Fagulha no palheiro
Por LUIZ GUILHERME PIVA
Uma hora algo queima. Não de repente. Vai fritando aos poucos.
Pode ser uma frustração, um desejo que não se realizou. E pode ser defeito do sistema. Um alimentando o outro. Abrasando.
Por exemplo: quer ser artilheiro, craque com a dez, armador clássico, lançador, dono de arrancadas e dribles, passes de sinuca.
Desde pequeno tem talento para assumir o comando do ataque, o controle do meio-campo. O destino que carrega no nome.
Mas ninguém reconhece. No par-ou-ímpar, mais novo, vai pra zaga. Na peneira, tímido, vai pra zaga. No juvenil, sem lugar no meio e na frente, vai pra zaga.

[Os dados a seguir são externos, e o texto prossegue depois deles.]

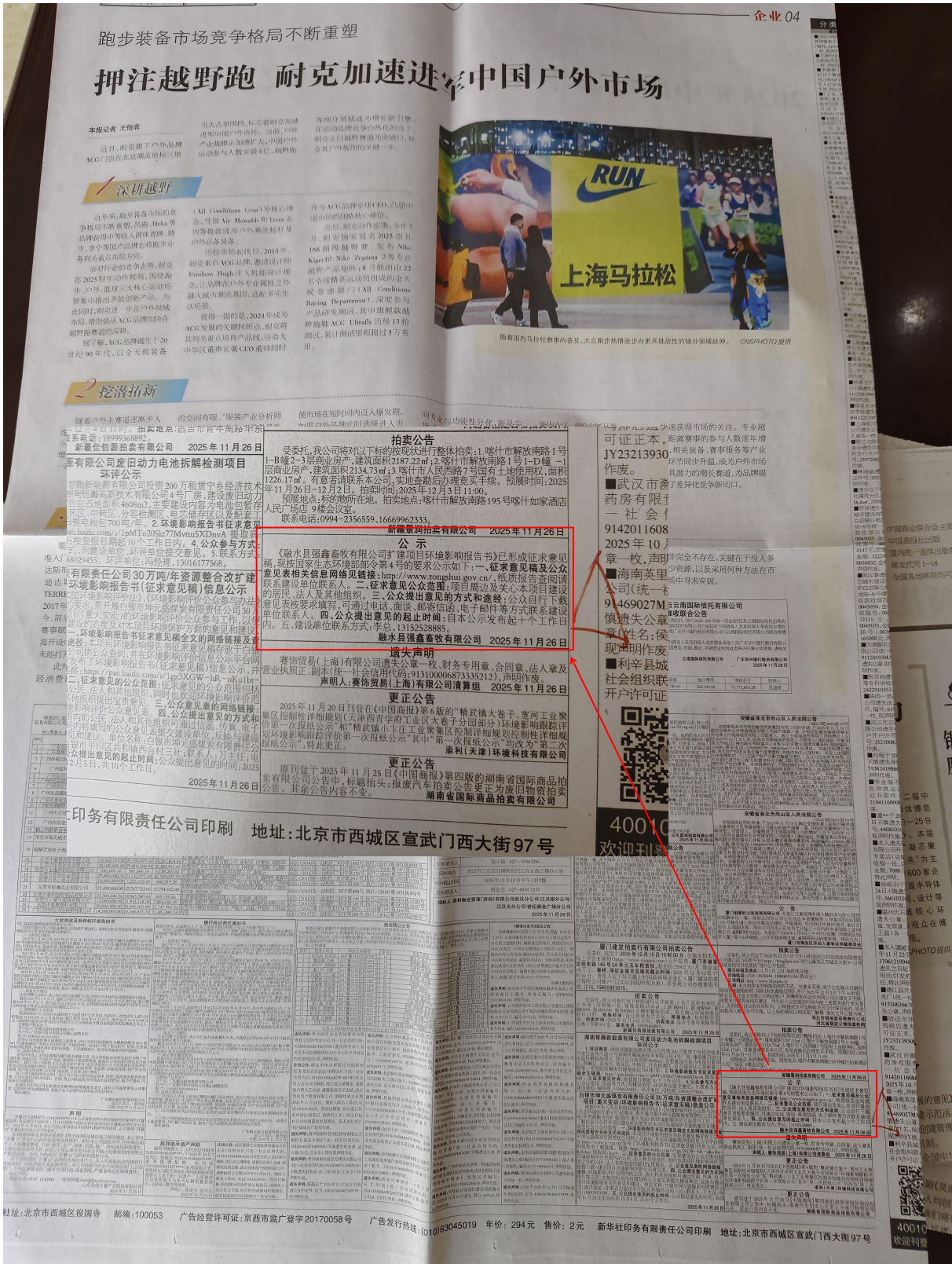
图3 项目在中国商报第一次公示图片（2025年11月26日）
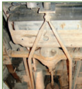
Gut geschützt: Der solide Auspuff setzt im Gelände nicht auf
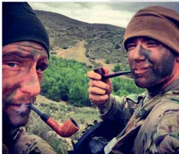
Min kammerat, jeg sad på vogn med til venstre, og mig til højre. Spanien, oktober 2015.
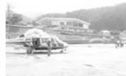
熊本県防災ヘリ「ひばり」

林野火災の多くは人災です。私たち一人ひとりが気をつければ防ぐことができる災害なのです。山火事防止のために、皆様のご協力をお願いします。
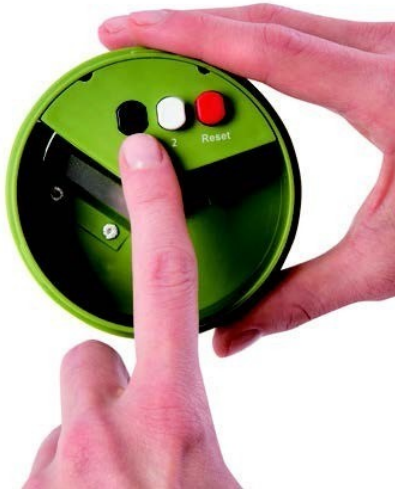
Výběr režimu pomocí tlačítek
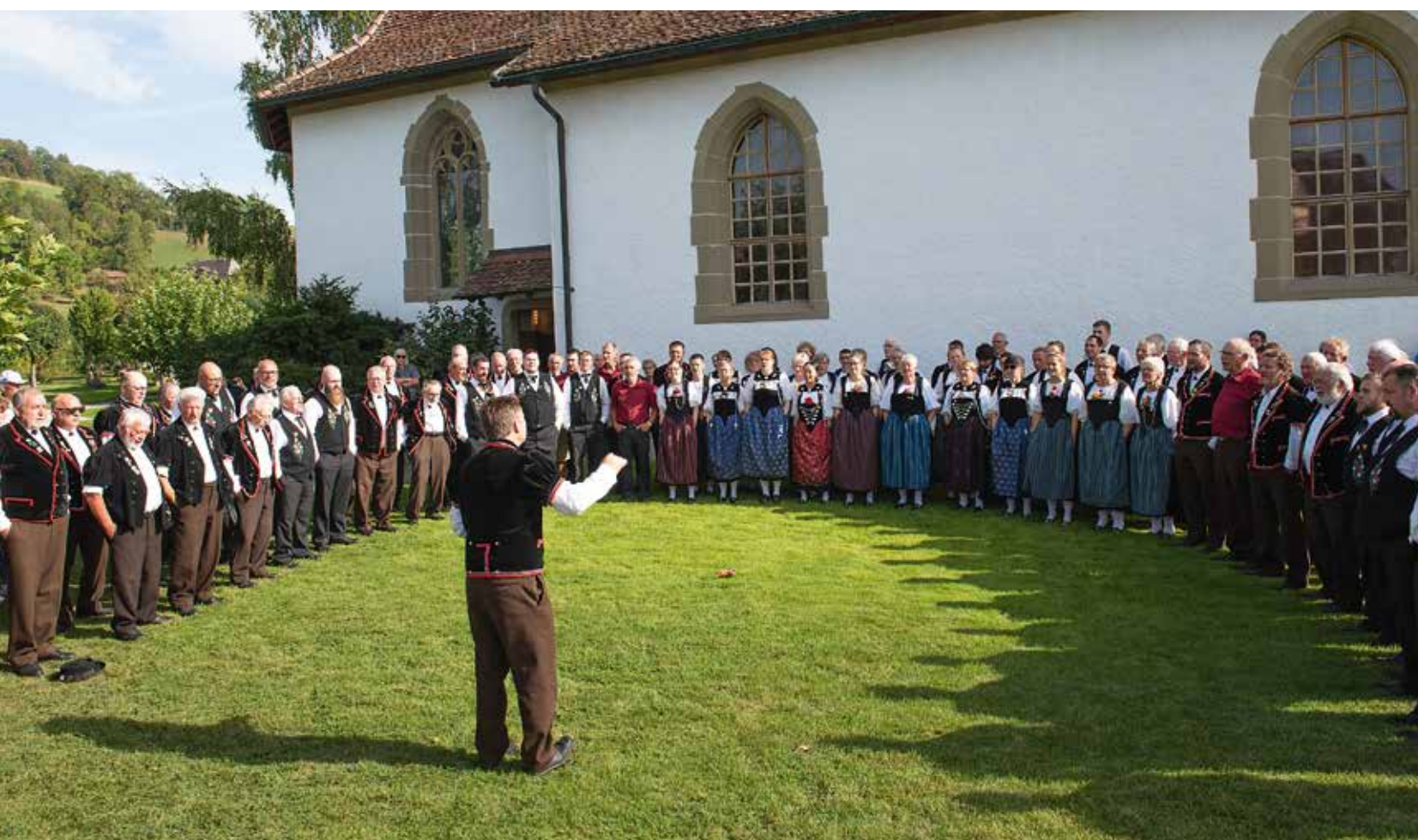
Worbentalisches Jodlertreffen, September 2023.
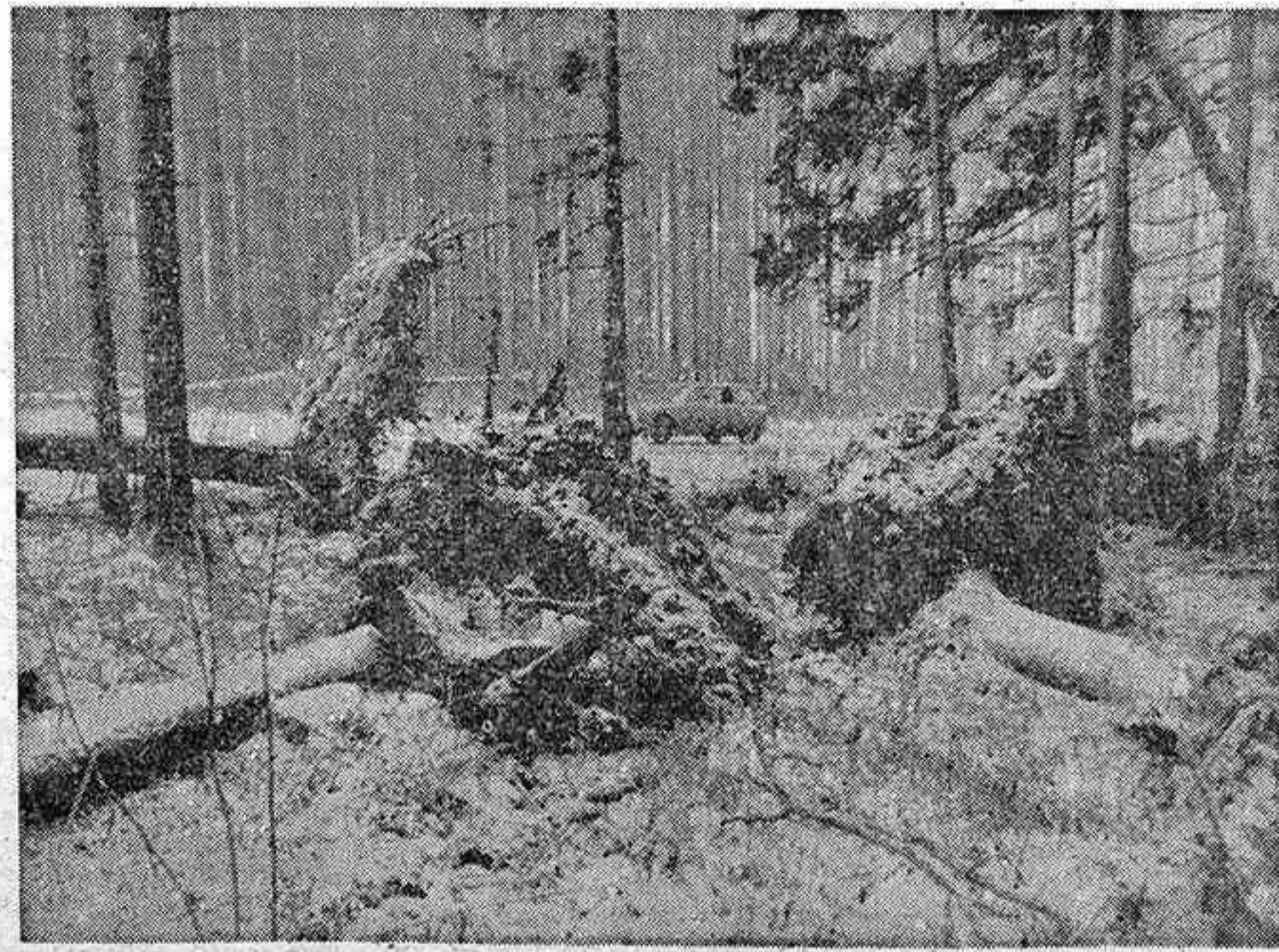
VIENA.—Las autoridades austriacas recopilan informes para determinar los daños causados en el país por los temporales de estos últimos días en Europa, que también alcanzaron a Austria. En la fotografía, gruesos árboles, derribados sobre una carretera del país como consecuencia del vendaval, cuyos vientos superaron, en ocasiones, los 145 kilómetros por hora.

E agrada. Claro, joga melhor que os zagueiros. Muito melhor.
Nunca mais sai de lá. Desarma. Marca. Tira a bola e passa pra outro brilhar, pro armador, pro meia, pro atacante, pro craque, pro artilheiro.
Nada de lançar, driblar, encantar. Só combate, cerca, impede as melhores jogadas.
Desfaz o que sempre quis fazer.
O reverso do seu sonho.
Nasceu pra enfrentar o mar – mas é faroleiro.
Zagueiro. E dos melhores. Titular, campeão, seleção, Europa.
Casa, carro, dinheiro, conforto.
Mas lá dentro um chip vai fritando.
Esquentando.
Acaba pegando fogo.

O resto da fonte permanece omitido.